- Supreme Court of the United States

Argued October 8, 2008 Decided March 3, 2009
- Full case name: Priscilla Summers, et al., Petitioners v. Earth Island Institute, et al.
- Docket no.: 07-463
- Citations: 555 U.S. 488 (more) 129 S. Ct. 1142; 173 L. Ed. 2d 1; 2009 U.S. LEXIS 1769; 77 U.S.L.W. 4146; 72 Fed. R. Serv. 3d (Callaghan) 1183; 67 ERC (BNA) 1961; 39 ELR 20047; 21 Fla. L. Weekly Fed. S 670

Case history
- Prior: Earth Island Institute v. Pengilly, 376 F. Supp. 2d 994 (E.D. Cal. 2005); affirmed sub. nom., Earth Island Inst. v. Ruthenbeck, 459 F.3d 954 (9th Cir. 2006); rehearing denied, 490 F.3d 687 (9th Cir. 2007); cert. granted, 552 U.S. 1162 (2008).

Holding
- Petitioner environmental organizations' claim that it is statistically likely that some of their members will visit the affected lands is insufficient to support Article III standing.

Court membership
- Chief Justice John Roberts Associate Justices John P. Stevens · Antonin Scalia Anthony Kennedy · David Souter Clarence Thomas · Ruth Bader Ginsburg Stephen Breyer · Samuel Alito

Case opinions
- Majority: Scalia, joined by Roberts, Kennedy, Thomas, Alito
- Concurrence: Kennedy
- Dissent: Breyer, joined by Stevens, Souter, Ginsburg

Laws applied
- U.S. Const. art. III; Forest Service Decision-making and Appeals Reform Act

= Summers v. Earth Island Institute =

Summers v. Earth Island Institute, 555 U.S. 488 (2009), was a United States Supreme Court case decided 5–4 in which several environmental organizations, including Earth Island Institute, brought suit against the United States Forest Service (USFS) to enjoin that federal agency from implementing rules that would allow the salvage sale of timber from 238 acres of fire-damaged federally owned land without conducting the notice, comment, and appeal process of the Forest Service Decision-making and Appeals Reform Act.
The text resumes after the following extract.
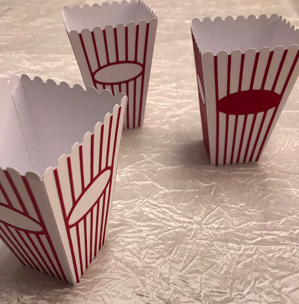 Evidemment quand on se lance dans une fête « cinéma », il faut du pop Corn :D. J’ai donc réalisé ces boîtes pour chacun des invités. Si vous souhaitez également faire les vôtres, je vous conseille de mettre du papier cuisson à l’intérieur pour protéger le pop corn de toute trace de colle par exemple.

While the environmental organizations were litigating the injunction in the lower courts, the parties reached a settlement regarding the 238 acres in question and the district court accordingly dismissed. The plaintiffs, however, maintained that they still had standing to challenge the constitutionality of the exemption process generally because the process was statistically certain to implicate their rights in the future. The Court decided that this argument failed because, after voluntarily settling the portion of their lawsuit relevant to Burnt Ridge, respondents and their members are no longer under threat of injury from that project. The Court decided against the plaintiffs, holding that the "deprivation of a procedural right without some concrete interest that is affected by the deprivation . . . is insufficient to create Article III standing."